El sentido de la dura crítica de Jesús G. Maestro a esos intérpretes radica en que el materialismo filosófico diferencia taxativamente entre el uso interpretativo racional y el uso arbitrario, subjetivo o ideológico.

Cuando Maestro afirma que la obra se independiza del autor, no está abriendo la puerta al «todo vale» de la posmodernidad (donde cada lector inventa su propio significado). Al contrario, la obra se independiza del autor para quedar sujeta a los materiales objetivos que la componen y a las coordenadas históricas y sociales en las que se gestó.

Maestro califica de «neoténicos» a los críticos e intérpretes posmodernos por tres razones fundamentales:
  1. El secuestro de la obra por el psicologismo: los intérpretes neoténicos juzgan una obra del pasado (como el Quijote o la Celestina) desde su psicología individual presente, sus traumas, sus deseos o su ideología contemporánea (por ejemplo: lecturas puramente emotivas, identitarias o moralinas). Para Maestro, esto es infantilismo intelectual, ya que sustituye el análisis científico y materialista de la obra por una terapia psicológica o una catarsis personal del lector. Las vivencias personales son indemostrables, y, por tanto, no son científicas.
  2. La desconexión de la ontología materialista: un texto literario está hecho de conceptos e ideas objetivadas en un contexto social y político determinado.
    • El uso racional: Descubrir cómo operan esas ideas objetivas en el texto.
    • El uso neoténico: Ignorar la historia, la filología y la lógica para hacer que la novela diga lo que el lector quiere que diga. Esto no es «usar» la obra, es manipularla o usarla como un mero espejo de las obsesiones del intérprete.
  3. Confundir la «independencia» con la «licencia para el delirio»: que la obra desborde la finalidad (la intención) del autor significa que la obra demuestra realidades objetivas que el autor quizás ni sospechaba, pero que están materialmente en el texto y en su contexto histórico. No significa que el lector pueda otorgarle a la obra cualquier sentido social inventado en el presente. El intérprete neoténico actúa de forma idealista, creyendo que su mente («el lector soberano») tiene el poder de recrear la obra a su antojo.

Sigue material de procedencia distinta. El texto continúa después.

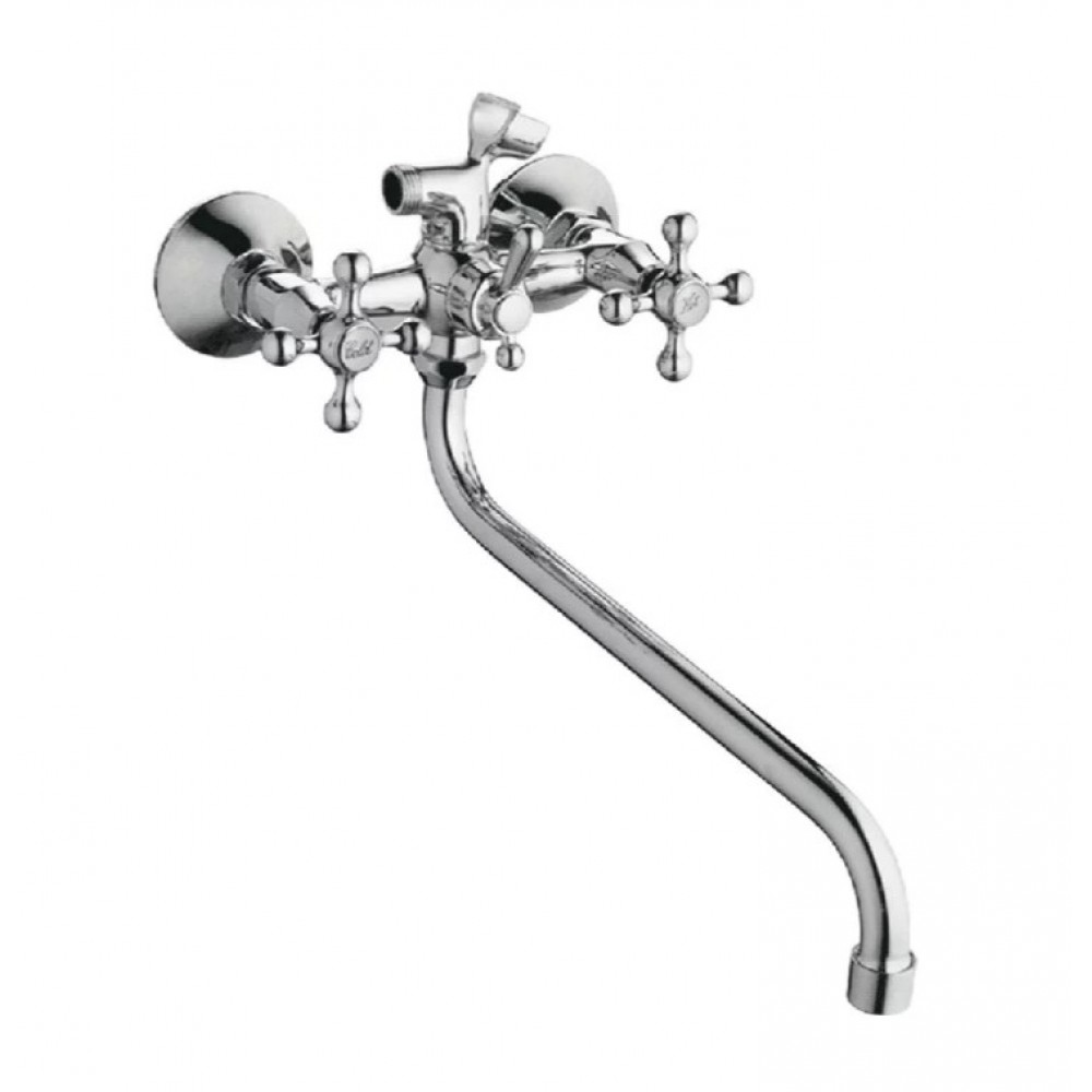 A2208 Смеситель Fashun д/ванны, латунный, с длинн.изливом, с лейкой и шлангом, хром

Para la teoría de G. Maestro, la literatura es un saber crítico y científico, no un espacio de recreación lúdica o narcisista. Quien hace un uso de la novela ajeno a sus componentes formales y a su sentido social materializado, no está haciendo crítica literaria; está haciendo propaganda, psicología o, simplemente, demostrando su propia inmadurez intelectual (neotenia).